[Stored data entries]
════════════════
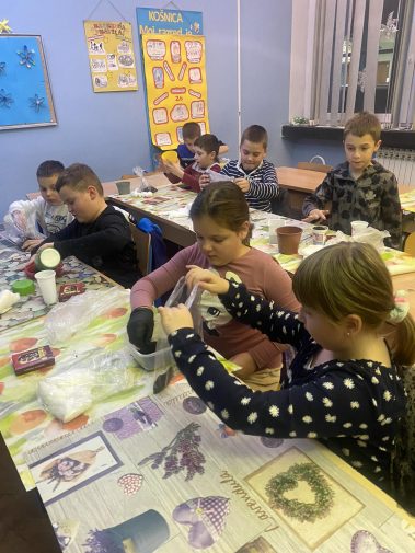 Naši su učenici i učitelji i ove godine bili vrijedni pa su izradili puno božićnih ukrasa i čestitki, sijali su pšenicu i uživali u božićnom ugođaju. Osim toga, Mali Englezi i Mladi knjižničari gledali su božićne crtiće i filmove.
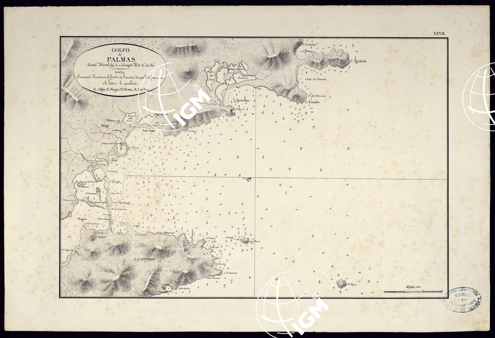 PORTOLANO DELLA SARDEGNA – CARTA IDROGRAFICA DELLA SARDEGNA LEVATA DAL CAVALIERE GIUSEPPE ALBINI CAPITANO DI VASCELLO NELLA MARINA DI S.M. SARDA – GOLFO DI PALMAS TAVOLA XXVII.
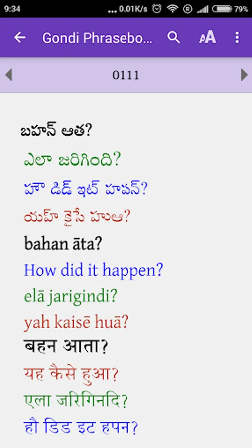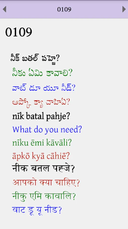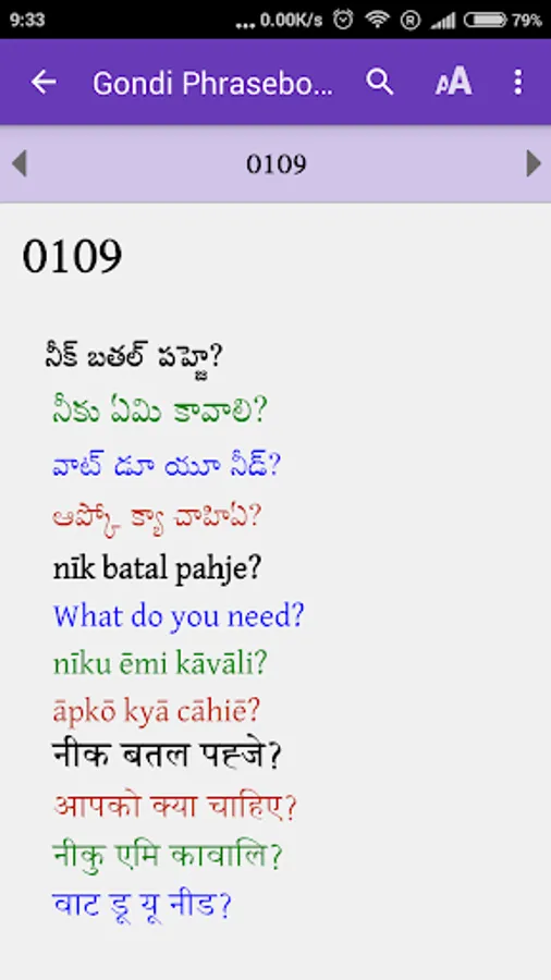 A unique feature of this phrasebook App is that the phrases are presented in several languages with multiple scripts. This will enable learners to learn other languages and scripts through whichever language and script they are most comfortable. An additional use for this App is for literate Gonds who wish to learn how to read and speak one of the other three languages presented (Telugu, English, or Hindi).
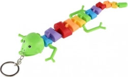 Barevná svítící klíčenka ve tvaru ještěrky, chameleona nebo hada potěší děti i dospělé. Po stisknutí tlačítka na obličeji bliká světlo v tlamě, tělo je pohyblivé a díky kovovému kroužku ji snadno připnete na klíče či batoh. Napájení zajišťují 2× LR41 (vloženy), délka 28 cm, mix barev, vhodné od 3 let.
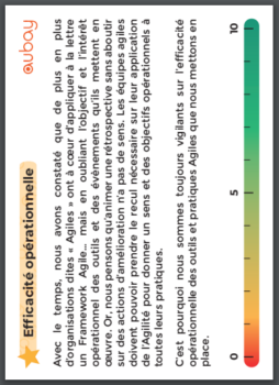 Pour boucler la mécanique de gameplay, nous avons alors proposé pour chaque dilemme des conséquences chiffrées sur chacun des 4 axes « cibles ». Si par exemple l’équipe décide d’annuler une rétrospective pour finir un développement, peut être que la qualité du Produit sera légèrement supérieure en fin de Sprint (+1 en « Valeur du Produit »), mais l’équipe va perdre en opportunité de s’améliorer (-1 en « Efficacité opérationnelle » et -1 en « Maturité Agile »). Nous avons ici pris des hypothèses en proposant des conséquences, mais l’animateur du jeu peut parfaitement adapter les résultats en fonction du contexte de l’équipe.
════════════════
ASSIGNMENT
Using the entries above, reproduce word for word only the lines from the one that contains "PORTOLANO DELLA SARDEGNA" to the one that contains "A unique feature", both ends included, and drop every picture.

PROBLEM SOLUTION
 PORTOLANO DELLA SARDEGNA – CARTA IDROGRAFICA DELLA SARDEGNA LEVATA DAL CAVALIERE GIUSEPPE ALBINI CAPITANO DI VASCELLO NELLA MARINA DI S.M. SARDA – GOLFO DI PALMAS TAVOLA XXVII.
 A unique feature of this phrasebook App is that the phrases are presented in several languages with multiple scripts. This will enable learners to learn other languages and scripts through whichever language and script they are most comfortable. An additional use for this App is for literate Gonds who wish to learn how to read and speak one of the other three languages presented (Telugu, English, or Hindi).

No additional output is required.